SJM, the video mentioned to you was done by Don Shaw, the owner of The Train Station in Mountain Lakes. There was an article done on him a couple of issues ago in CTT. Don put out two videos, one on the Trainmasters, and one on F3s. I have them both and would lend you the one on Trainmasters for the postage there and back, but it's a VHS, not a DVD. Don is probably THE expert on Lionel Trainmasters, and I've watched that video a few times. I think your 2341 is the real thing, but really the litmus test is satisfying yourself that your copy is heat stamped. That is the one original factory process that likely no one can duplicate. I do notice your FM decals don't seem to have yellowed, so they could be replacement decals on an original shell, or the photo could make them seem less yellowed. All else looks original. I've seen other shells where the orange paint seemed to turn yellow at points, possibly because of some chemical that attacked the orange paint, or possibly a failed attempt at covering up a scratch, etc. Keep posting. Your mechanical resurrection of this beast is inspirational!


----------



## sjm9911 (Dec 20, 2012)

Thanks Ishmael, I'm going to go up there the end of the week. I'll pick up the video if they have it. I'll also ask if they will look at it for me, I'll call ahead to see.


----------



## ironman21 (Mar 5, 2013)

for me it is the hunt and getting various items I find back to working order and looking good, nice find I would have sprung for them!


----------



## sjm9911 (Dec 20, 2012)

Iron man, me too, I like working on this stuff(almost more then running them). I like the idea of saving a part of history that others will enjoy when I'm long gone. These things were built to last! 
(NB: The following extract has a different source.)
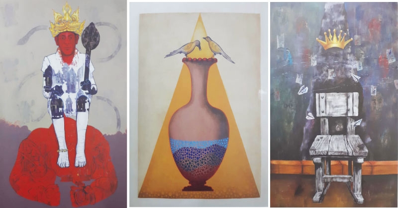कलाकारांची पंढरी अर्थात जहांगिर कलादालन, मुंबई येथे 'सर्क्युलर गॅलरी'मध्ये मुंबई बाहेरच्या कलाकार समूहाचे प्रदर्शन सुरू आहे. हे चारही चित्रकार हे 'पेन्टिंग' क्षेत्रातील असून अर्थातच त्यांच्या कलाकृती या पेंटिंग्ज स्वरूपातील आहेत. ईशा बावीस्कर यांनी 'क्रिएटीव्ह पेन्टिंग्ज' मध्ये 'मास्टर ऑफ आर्ट' पदव्युत्तर शिक्षण घेतलेले आहे. त्यांची कलाकृती ही एका विशिष्ट शैलीदार तंत्राने कॅनव्हासवर अवतरलेली असते. 'गोल्डन क्राऊन' या शीर्षकाची कलाकृती किंवा तशाच शैलीतील इतर कलाकृती पाहताना त्यांनी साधलेले 'क्रिएटीव्ह तंत्र' हेच त्यांच्या प्रत्येक कलाकृतींचे वैशिष्ट्य ठरावे. कॅनव्हासवर मिश्र रंगांचा उचित उपयोग करून त्यांनी कलाकृती चितारल्या आहेत. दुसरे चित्रकार चैतन्य इंगळे यांनी 'व्यक्तिचित्रणात''मास्टर्स डिग्री' प्राप्त केलेली असून नागपूर येथील शासकीय कला महाविद्यालयातून ते उत्तीर्ण झालेले आहेत. अत्यंत 'सिम्ल्पिफाईड' म्हणजे सुलभ आकारांमध्ये मानवाकृती आणि त्यांना दैनंदिन जीवनातील वस्तूंसह विषयबद्ध करून कलाकृती साकारल्या आहेत. 'चैतन्य' यांच्या कलाकृती या 'चैतन्यदायी' भासतात. सध्याच्या क्लीष्ट वा संवेदनाक्षम विषयांना त्यांनी फारच सोप्या आकारांमध्ये चित्रविषय रूपात मांडले आहे. 'एड' नावाची त्यांची एक कलाकृती फारच आशयगर्भ भासते. एका मुळी आवळलेल्या खाली डोके टेकवलेल्या व्यक्तीच्या पाठीवर मुकुट आणि गदा हातात घेतलेल्या पांढरे वस्त्र परिधान केलेल्या व्यक्तीने वजन देऊन विसावा घेतलेला आहे. पाहणार्याच्या विचारांतून हवा तसा अर्थ शोधता येईल, अशा त्यांच्या कलाकृती आहेत.
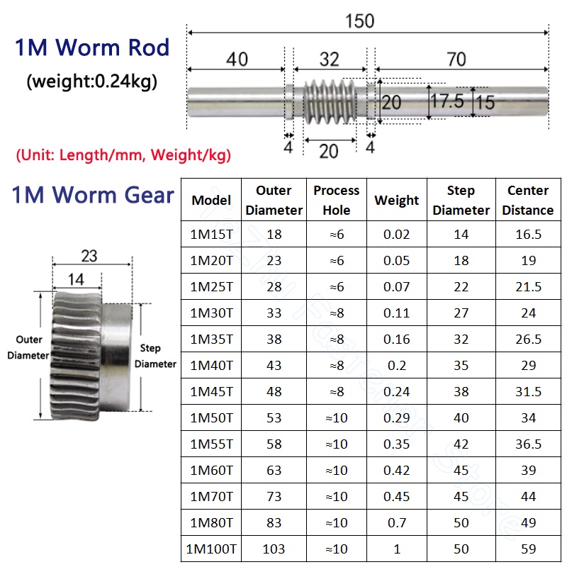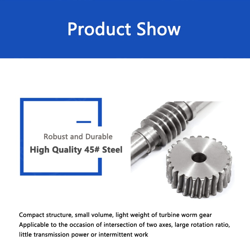 1 Set 1M Worm Gear with Rod Reduction Ratio 1:15/20/25/30/35/40/45/50/60/70/80/90/100 45# Steel Turbine Worm Gear Rod CS46

I talked to the guys up at the train station in mountain lakes nj, and they will look at the Trainmaster for me. I'm going up in the a. m. and will post what I find out. Turns out there are only about 30 minutes away from me. Nice guys! I didn't think there were any hobby shops around me that had trains. Now I have two! Thanks for everyone's help! (I'm embarrassed about the condition of the train and what they will say of my repair job! )


----------



## Big Ed (Jun 16, 2009)

I thought you might be close to them.

You should have brought some before pictures with you.


----------



## sjm9911 (Dec 20, 2012)

Ok, inspired by T-mans recent project, I decided in my down time to try and fix my Crain car. The hoist was broken in both spots where it would be lifted. I did not take before pictures as I was no confident this would work out. I still don't know if it will hold. I used plumbers putty ( epoxy clay) to mold the peice. I hollowed out the center hole with a nail to leave room for the center pin to be installed later( I might use a screw). The putty could be manipulated in order to accept the wire part that went up the boom. I sanded and primed it. It's not pretty but It might just work. Now I need some string and a pulley.


----------



## sjm9911 (Dec 20, 2012)

Ok, I learned how to post pictures, how do I make them a bit smaller? Or is the size Ok?


----------



## tjcruiser (Jan 10, 2010)

The pic size is about as large as we'd like to see them here. (Otherwise, one has to scroll left/right.)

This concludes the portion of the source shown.